When the sac bunt is really really stupid

July, 13, 2010
7/13/10
2:41
PM ET
It happened last Saturday in Philadelphia. Best pitching duel this season. For the Phillies, Roy Halladay. For the Reds, rookie Travis Wood. After seven innings, no score ... and no baserunners for the Phillies. Wood, in just his third major league start, was pitching a perfect game.

Halladay hadn't pitched as well, of course. Not quite: He'd given up one walk and three singles, two of which hadn't left the infield. But in the top of the eighth, Miguel Cairo, batting sixth, shot a double into right field.

The next three hitters due up: Drew Stubbs, catcher Ryan Hanigan ... and Travis Wood (who had batted twice and struck out twice).

For manager Dusty Baker, the choice seems to be fairly clear: Without any good left-handed hitters on his bench, give Stubbs and Hanigan their shots at driving in Cairo and simply hope for the best ... unless he's willing to pull Wood for a pinch-hitter.

An argument might be made for doing exactly that.

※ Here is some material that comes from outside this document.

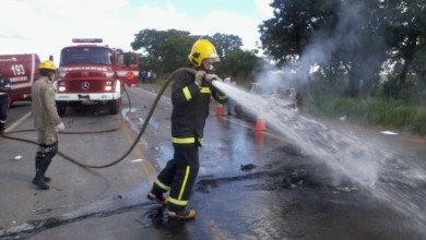 Bombeiros de Cristalina socorrem vítimas de acidente entre três carros e um ônibus na BR-040

While a perfect game (or no-hitter) would be a wonderful thing for everyone involved, Baker also has to worry about a little thing we like to call the pennant race, as the Reds still have legitimate hopes of acing out the Cardinals in the National League Central. Making history would be nice. Somehow winning the game would be nicer.

In the event, Baker didn't replace Wood with a pinch-hitter. He also didn't give Stubbs and Hanigan their shots. Instead, he ordered Stubbs to lay down a sacrifice bunt. Granted, Stubbs is exceptionally fast and the outcome might have left Cairo on third base and Stubbs on first base.

It didn't, though. Cairo was on third base but Stubbs was out.

Now, this is not the worst trade-off in the world. You can expect to score fewer runs with one out and a runner on third base than with no outs and a runner on second base ... but the difference is small, and gets smaller if you're really interested in scoring just one run.

The difference gets bigger, though, if one of the hitters coming up can't hit.

Ryan Hanigan can hit. He struck out anyway.

Travis Wood can't hit. He struck out, too.

Miguel Cairo died on third base.

All because Baker let his obsession with the 90 feet between second base and third base -- and, frankly, the natural tendency for managers to overmanage -- trump his awareness that one of the two hitters coming up next wasn't actually a hitter at all.

I'm not picking on Baker. Just a couple of weeks ago in Atlanta, Jim Riggleman did almost exactly the same thing.

Veteran star (Tim Hudson) vs. rookie (Stephen Strasburg). Scoreless after six innings. Veteran's working on a four-hitter, rookie's working on a three-hitter.

But in the top of the seventh, Roger Bernadina leads off with a double. Next up: Ian Desmond, Alberto Gonzalez ... and Strasburg.

Is Riggleman going to pinch-hit for Strasburg? Probably not.

Nevertheless, Riggleman orders Desmond to lay down the sacrifice bunt. Desmond's out, and Bernadina moves to third. Gonzalez strikes out. Strasburg hits for himself, and does not strike out. He does ground out to the shortstop, and the threat is over.

In this case, the damage isn't so obvious. Wood didn't get his perfect game or his no-hitter, and the Reds wound up losing 1-0. Baker might have won that game, but lost.

In this case, the Braves bunched together a bunch of infield singles and sacrifice flies in the bottom of the seventh, knocking out Strasburg and scoring five runs. Riggleman's decision probably didn't cost anything except a bit of credibility with anybody who was paying close attention.

The sacrifice bunt isn't always a foolish move. For too long, people like me have been too quick to point out its negatives while ignoring its positives (especially its potential to turn into a bunt single or an error). Still, can't we agree that surrendering an out for one base doesn't make sense if one of the next two hitters is a pitcher? Can't we agree on that, if nothing else?